Chi governa la sanità calabrese appare ormai completamente distaccato dalla realtà vissuta dai cittadini. Sarebbe importante capire se i vertici regionali abbiano mai verificato davvero i tempi necessari per prenotare una TAC, una MOC, una visita oculistica o una colonscopia nelle strutture pubbliche calabresi.

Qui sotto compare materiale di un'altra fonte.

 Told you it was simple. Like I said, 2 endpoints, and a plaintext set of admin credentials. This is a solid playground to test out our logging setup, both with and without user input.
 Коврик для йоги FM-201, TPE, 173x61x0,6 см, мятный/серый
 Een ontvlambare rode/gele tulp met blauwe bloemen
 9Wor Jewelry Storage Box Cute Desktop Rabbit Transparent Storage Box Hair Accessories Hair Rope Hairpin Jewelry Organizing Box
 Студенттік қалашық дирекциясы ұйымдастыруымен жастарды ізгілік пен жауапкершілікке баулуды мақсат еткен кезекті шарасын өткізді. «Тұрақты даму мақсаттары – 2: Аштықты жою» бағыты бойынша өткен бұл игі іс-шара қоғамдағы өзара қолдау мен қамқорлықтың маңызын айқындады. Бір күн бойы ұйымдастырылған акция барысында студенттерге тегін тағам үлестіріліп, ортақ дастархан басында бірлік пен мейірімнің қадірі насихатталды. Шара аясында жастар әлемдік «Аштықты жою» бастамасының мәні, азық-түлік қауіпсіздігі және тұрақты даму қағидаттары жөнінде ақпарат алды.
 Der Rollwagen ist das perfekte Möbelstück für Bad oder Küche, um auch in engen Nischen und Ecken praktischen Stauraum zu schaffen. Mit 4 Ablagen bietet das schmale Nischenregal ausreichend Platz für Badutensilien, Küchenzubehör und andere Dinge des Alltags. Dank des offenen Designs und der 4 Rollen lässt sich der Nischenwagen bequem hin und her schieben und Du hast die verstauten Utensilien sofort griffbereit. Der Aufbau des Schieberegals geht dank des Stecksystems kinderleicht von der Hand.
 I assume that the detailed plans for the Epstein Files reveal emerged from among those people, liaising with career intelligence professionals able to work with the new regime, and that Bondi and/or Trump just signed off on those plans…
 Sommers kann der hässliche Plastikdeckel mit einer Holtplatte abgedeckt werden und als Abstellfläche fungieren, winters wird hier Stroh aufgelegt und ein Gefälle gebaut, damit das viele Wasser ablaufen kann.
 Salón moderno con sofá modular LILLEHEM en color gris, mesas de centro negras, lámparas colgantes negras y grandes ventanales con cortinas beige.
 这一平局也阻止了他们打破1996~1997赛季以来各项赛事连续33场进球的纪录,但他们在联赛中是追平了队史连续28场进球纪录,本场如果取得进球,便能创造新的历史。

Basta confrontarsi con qualsiasi famiglia per comprendere che la situazione reale è ben diversa da quella raccontata nei comunicati ufficiali.

Dietro i report e le classifiche ci sono persone in carne ed ossa che continuano a fare viaggi della speranza, a pagare prestazioni private perché il pubblico non riesce a garantire tempi dignitosi, oppure a rinunciare del tutto alle cure.

La propaganda non cancella le file interminabili nei CUP, la carenza di specialisti, i pronto soccorso al collasso e le disuguaglianze tra territori. In molte aree della Calabria ottenere esami diagnostici e visite specialistiche in tempi accettabili resta un’impresa impossibile.

Ed è legittimo chiedersi come questa Regione pensi concretamente di fare prevenzione con tempi d’attesa così lunghi. La prevenzione funziona solo se gli esami arrivano in tempo utile. Quando una colonscopia o un controllo diagnostico vengono fissati dopo mesi, si mette seriamente a rischio la salute delle persone e si vanifica ogni campagna di screening e tutela sanitaria.

Se davvero la situazione fosse così positiva, non avremmo migliaia di cittadini costretti ogni anno a curarsi fuori regione. La verità è che il sistema sanitario calabrese continua a vivere enormi criticità e i cittadini lo sanno bene sulla propria pelle.

Ringraziare medici e operatori sanitari è doveroso, perché spesso lavorano in condizioni impossibili e tengono in piedi il sistema con sacrifici enormi. Ma proprio per rispetto verso di loro e verso i pazienti, servirebbe meno autocelebrazione e più verità.

La sanità non si misura con i comunicati stampa, ma con il diritto reale dei cittadini a ricevere cure tempestive e dignitose. Su questo terreno la Calabria è ancora molto lontana dagli standard che i calabresi meritano”.